Wednesday, March 5, 2014

Active Surveillance for Prostate Cancer: 16 years of Knowledge Gained

H. Ballentine Carter, MD
H. Ballentine Carter, Professor of Urology and Oncology at the Brady, initiated the Active Surveillance (AS) Program for Prostate Cancer at Johns Hopkins 16 years ago.  This was one of the first of its kind and is now among the longest-running AS program for prostate cancer in the world.

There have been a variety of important questions answered and lessons learned over the past two decades. First, at 10 years approximately 60% of patients will undergo some intervention for prostate cancer.  The prompt for intervention is a change in Gleason score or increase in volume of disease in 75%.  Importantly, no patient had died of prostate cancer (median follow-up 6.5 years, maximum 15 years).[1]


Jeff Tosoian, MD
Second, figuring out who will "progress" and have worse prostate cancer while on AS can be difficult.  To be enrolled in the Active Surveillance Program at Hopkins, a man must have low-grade and small-volume disease – cancer categorized as "very low risk" (see below for defintions) .  Jeff Tosoian, M.D., a urology resident at the Brady, studied men with very low-risk and low-risk disease who underwent surgery at Hopkins. "Since they underwent surgery, it was possible to compare the extent of cancer in the two groups," says Carter. After evaluating the extent of cancer among 7,333 men classified as low-risk, and 153 men diagnosed with very low-risk disease, Tosoian concluded that men with low-risk disease were approximately two times more likely than very low-risk men to have a cancer that turned out to be of higher grade and/ or to have spread beyond the prostate gland. "This finding suggests that surveillance may be more risky in the presence of low-risk versus very low-risk disease, especially in younger men," says Carter. "Men who can expect to live at least 20 more years who have low-risk disease may rather accept the risks of treatment than take the chance that their cancer will cause harm later, especially if they are otherwise healthy.
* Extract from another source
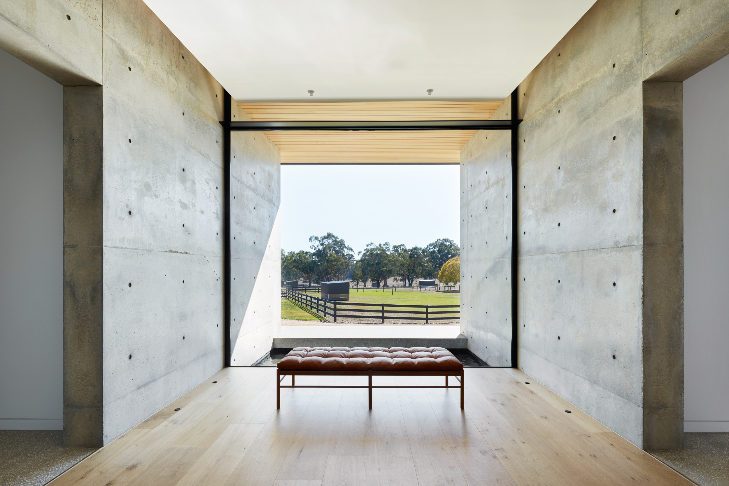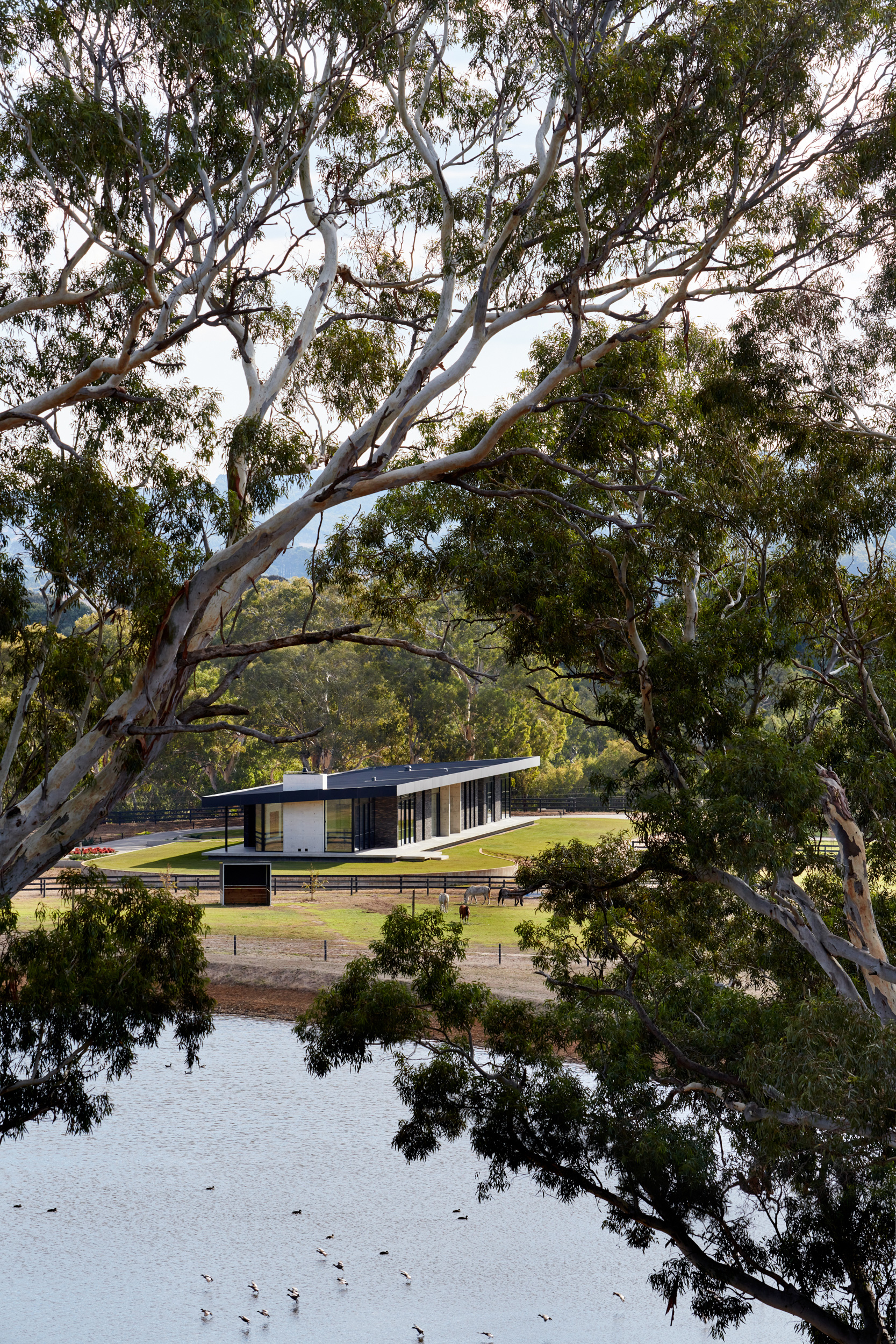 Sitting long and low in the landscape, Oakbank Pavlion celebrates without imposing on its locale. Using strong and crisp forms the pavilion utilises succinct planning to create an elongated extrusion celebrating a continuity of materials flowing from external to internal spaces.

Men with very low-risk disease can take comfort that their disease can safely be managed by surveillance."[2]

Low Risk Prostate Cancer

  • PSA is below 10 ng/ml
  • Biopsy has a Gleason score of 6
  • Cancer is not palpable or is minimally palpable on a digital rectal examination


Very-Low Risk Prostate Cancer

  • Your biopsy has a Gleason score of 6,
  • 2 cores or fewer are found to contain cancer,
  • Cancer makes up half or less of any core that contains cancer,
  • PSA divided by the prostate volume is 0.15 or less, and
  • Cancer is not palpable on a digital rectal examination


Third, determining the potential benefits of RP or AS can be difficult since no trial directly compares surgery (radical prostatectomy, RP) to AS.  Therefore, complex simulation models need to be employed to detect potential benefits among patients undergoing either RP or AS.  Investigators from Hopkins, the Fred Hutchinson Cancer Center, and the University of California-San Francisco (UCSF) teamed up to compare the outcomes of men enrolled in the AS Program at Hopkins with those of men who underwent surgery immediately at Hopkins and UCSF after their cancer was diagnosed. The scientists projected that 2.8 percent of men on AS and 1.6 percent of the men who underwent immediate RP would die of their disease in 20 years. They estimated that the average increase in life expectancy associated with immediate RP was 1.8 months, and that men on AS would remain free of treatment for an additional 6.4 years as compared to men who had immediate treatment. "These findings suggest that men enrolled in the Johns Hopkins AS Program are at low risk of losing a window of opportunity for cure if they are carefully monitored," Carter says.[3]

Some of this blog has been extracted from Prostate Cancer Discovery, Volume 10, Winter 2014.

1. Tosoian JJ, Trock BJ, Landis P, Feng Z, Epstein JI, Partin AW, Walsh PC, Carter HB.Active surveillance program for prostate cancer: an update of the Johns Hopkins experience.J Clin Oncol. 2011 Jun 1;29(16):2185-90. doi: 10.1200/JCO.2010.32.8112. Epub 2011 Apr 4.
2. Tosoian JJ, JohnBull E, Trock BJ, Landis P, Epstein JI, Partin AW, Walsh PC, Carter HB.Pathological outcomes in men with low risk and very low risk prostate cancer: implications on the practice of active surveillance.J Urol. 2013 Oct;190(4):1218-22. doi: 10.1016/j.juro.2013.04.071. Epub 2013 Apr 30.
3.  Xia J, Trock BJ, Cooperberg MR, Gulati R, Zeliadt SB, Gore JL, Lin DW, Carroll PR, Carter HB, Etzioni R.Prostate cancer mortality following active surveillance versus immediate radical prostatectomy. Clin Cancer Res. 2012 Oct 1;18(19):5471-8. doi: 10.1158/1078-0432.CCR-12-1502. Epub 2012 Sep 24.